> Records for processing:
--- START ---

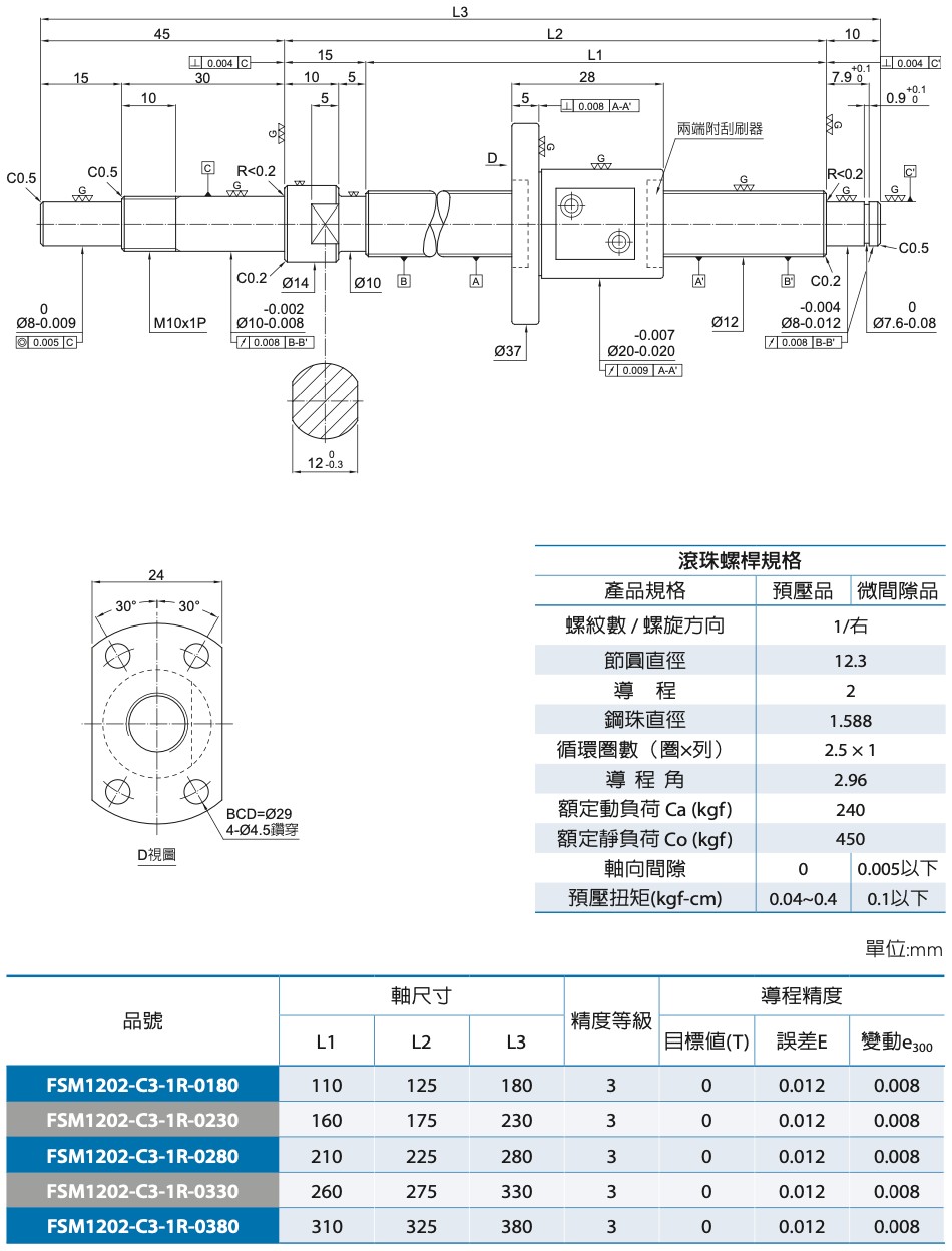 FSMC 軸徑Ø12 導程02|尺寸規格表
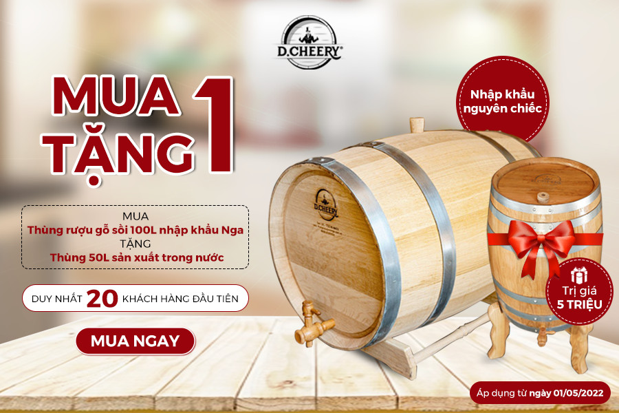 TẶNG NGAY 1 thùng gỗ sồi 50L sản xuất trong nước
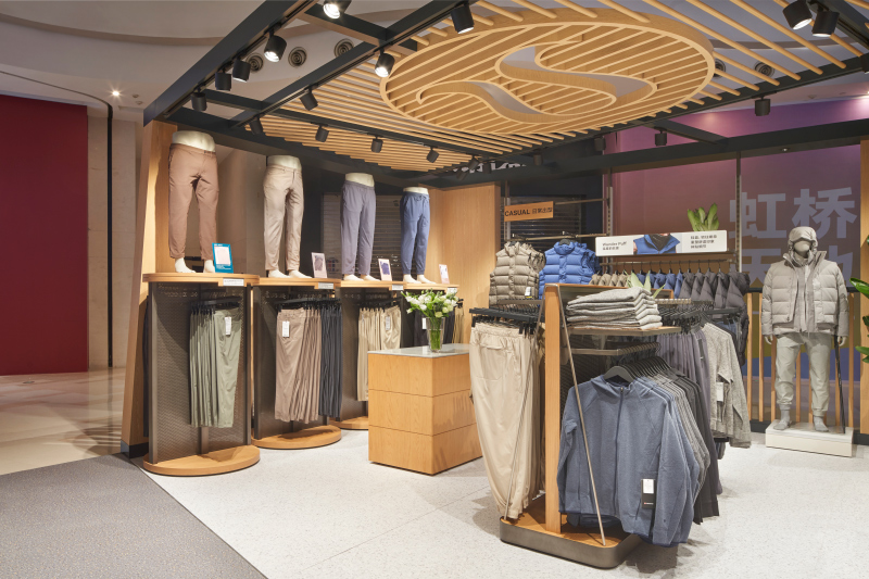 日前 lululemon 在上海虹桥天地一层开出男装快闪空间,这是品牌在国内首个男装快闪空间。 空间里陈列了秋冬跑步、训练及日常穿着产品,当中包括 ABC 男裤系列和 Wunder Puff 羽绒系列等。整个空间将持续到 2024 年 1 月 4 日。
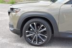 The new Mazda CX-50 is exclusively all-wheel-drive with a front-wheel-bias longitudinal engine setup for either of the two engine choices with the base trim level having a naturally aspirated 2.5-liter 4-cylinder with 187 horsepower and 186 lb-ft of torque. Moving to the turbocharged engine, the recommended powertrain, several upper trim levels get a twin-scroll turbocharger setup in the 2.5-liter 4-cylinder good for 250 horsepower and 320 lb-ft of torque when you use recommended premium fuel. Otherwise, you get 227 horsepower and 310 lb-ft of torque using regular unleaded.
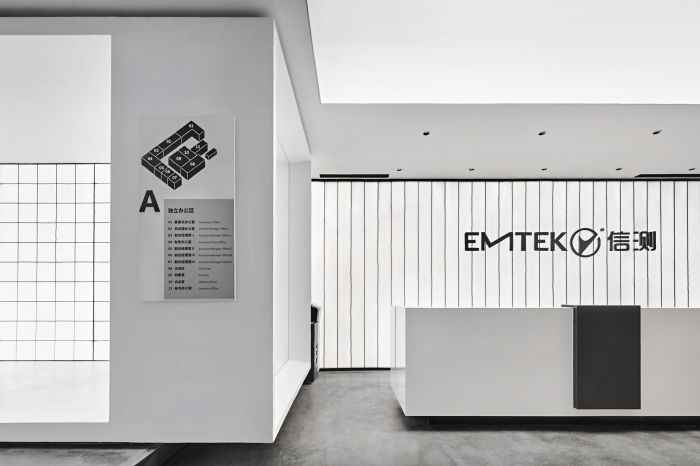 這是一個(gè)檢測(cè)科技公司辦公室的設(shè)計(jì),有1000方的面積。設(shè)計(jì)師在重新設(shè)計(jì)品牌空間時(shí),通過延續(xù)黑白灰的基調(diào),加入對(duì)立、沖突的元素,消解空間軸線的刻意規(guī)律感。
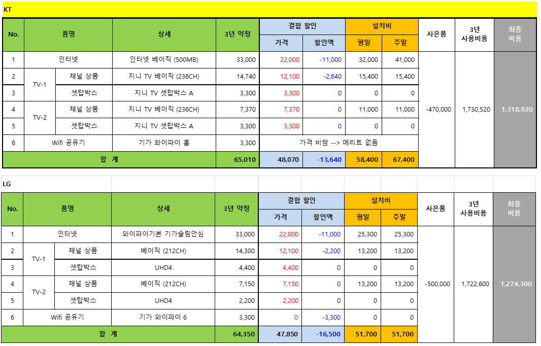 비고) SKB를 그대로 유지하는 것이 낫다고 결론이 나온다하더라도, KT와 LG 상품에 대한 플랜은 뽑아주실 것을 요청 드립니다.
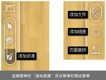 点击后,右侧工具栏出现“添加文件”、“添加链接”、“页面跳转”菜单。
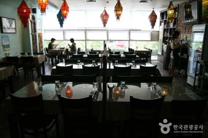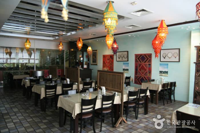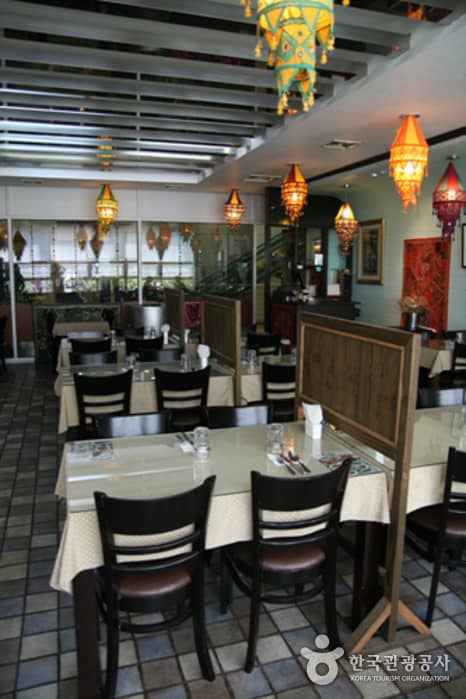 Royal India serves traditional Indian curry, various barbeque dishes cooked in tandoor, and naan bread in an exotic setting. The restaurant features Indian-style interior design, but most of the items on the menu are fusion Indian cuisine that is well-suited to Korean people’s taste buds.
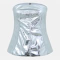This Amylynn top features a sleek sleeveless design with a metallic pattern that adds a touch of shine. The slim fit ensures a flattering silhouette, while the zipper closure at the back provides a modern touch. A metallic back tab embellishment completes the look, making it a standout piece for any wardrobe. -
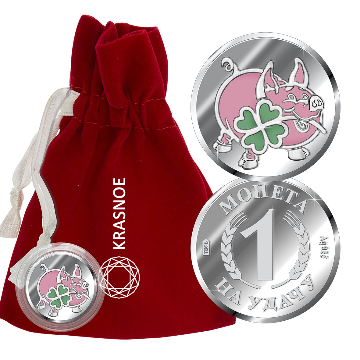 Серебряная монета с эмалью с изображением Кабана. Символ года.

--- END ---

> Assignment:
What is needed here is an exact transcription of every record above, with images excluded.

> Solution:
 FSMC 軸徑Ø12 導程02|尺寸規格表
 TẶNG NGAY 1 thùng gỗ sồi 50L sản xuất trong nước
 日前 lululemon 在上海虹桥天地一层开出男装快闪空间,这是品牌在国内首个男装快闪空间。 空间里陈列了秋冬跑步、训练及日常穿着产品,当中包括 ABC 男裤系列和 Wunder Puff 羽绒系列等。整个空间将持续到 2024 年 1 月 4 日。
 The new Mazda CX-50 is exclusively all-wheel-drive with a front-wheel-bias longitudinal engine setup for either of the two engine choices with the base trim level having a naturally aspirated 2.5-liter 4-cylinder with 187 horsepower and 186 lb-ft of torque. Moving to the turbocharged engine, the recommended powertrain, several upper trim levels get a twin-scroll turbocharger setup in the 2.5-liter 4-cylinder good for 250 horsepower and 320 lb-ft of torque when you use recommended premium fuel. Otherwise, you get 227 horsepower and 310 lb-ft of torque using regular unleaded.
 這是一個(gè)檢測(cè)科技公司辦公室的設(shè)計(jì),有1000方的面積。設(shè)計(jì)師在重新設(shè)計(jì)品牌空間時(shí),通過延續(xù)黑白灰的基調(diào),加入對(duì)立、沖突的元素,消解空間軸線的刻意規(guī)律感。
 비고) SKB를 그대로 유지하는 것이 낫다고 결론이 나온다하더라도, KT와 LG 상품에 대한 플랜은 뽑아주실 것을 요청 드립니다.
 点击后,右侧工具栏出现“添加文件”、“添加链接”、“页面跳转”菜单。
 Royal India serves traditional Indian curry, various barbeque dishes cooked in tandoor, and naan bread in an exotic setting. The restaurant features Indian-style interior design, but most of the items on the menu are fusion Indian cuisine that is well-suited to Korean people’s taste buds.
This Amylynn top features a sleek sleeveless design with a metallic pattern that adds a touch of shine. The slim fit ensures a flattering silhouette, while the zipper closure at the back provides a modern touch. A metallic back tab embellishment completes the look, making it a standout piece for any wardrobe. -
 Серебряная монета с эмалью с изображением Кабана. Символ года.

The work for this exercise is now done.